The only way it'd work is either an Apocalypse Battle Campaign or a painting guide. But the painting guides sell themselves in the Model Masterclass books.
And an Apocalypse Campaign? Don't see that happening.


----------



## Tawa (Jan 10, 2010)

Personally, I'll reserve judgement until I see it.

As a WD reader since issue 144 however, this made me not a little upset. :cray:



> Even the classic logo that sat at the head of the magazine for the last 20 years will disappear into the Hall of Legends.


----------



## Dicrel Seijin (Apr 2, 2011)

I'm still a fairly new player, but even I'm a bit put off by the current WD. I will only pick it up if I know there is some article that I need (like the rules on the flyers), that probably won't be reprinted for a while. 

I'm lucky that my LFGS has a back stock of WD. I've been leafing through those and I love them.
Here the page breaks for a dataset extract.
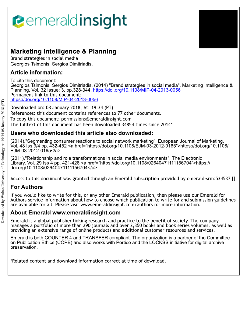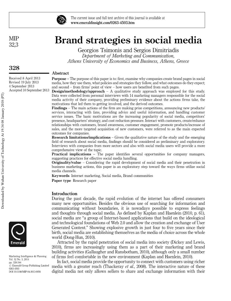 目的——本文的目的是:首先研究企业在社交媒体中创建品牌主页的原因,他们如何使用它们,遵循什么样的政策和策略以及他们期望什么结果;其次,从企业的角度出发,用户如何从这些主页中受益。

I've found things like the Feral Ork Codex, how to convert deffkoptaz, and such. 

I'm just hoping that there's no price increase.


----------



## DeathKlokk (Jun 9, 2008)

Ahh, you silly Youngling. That's _all_ that we can count on from G Dubya.


----------



## Tawa (Jan 10, 2010)

DeathKlokk said:


> That's _all_ that we can count on from G Dubya.


And has been for quite some time


----------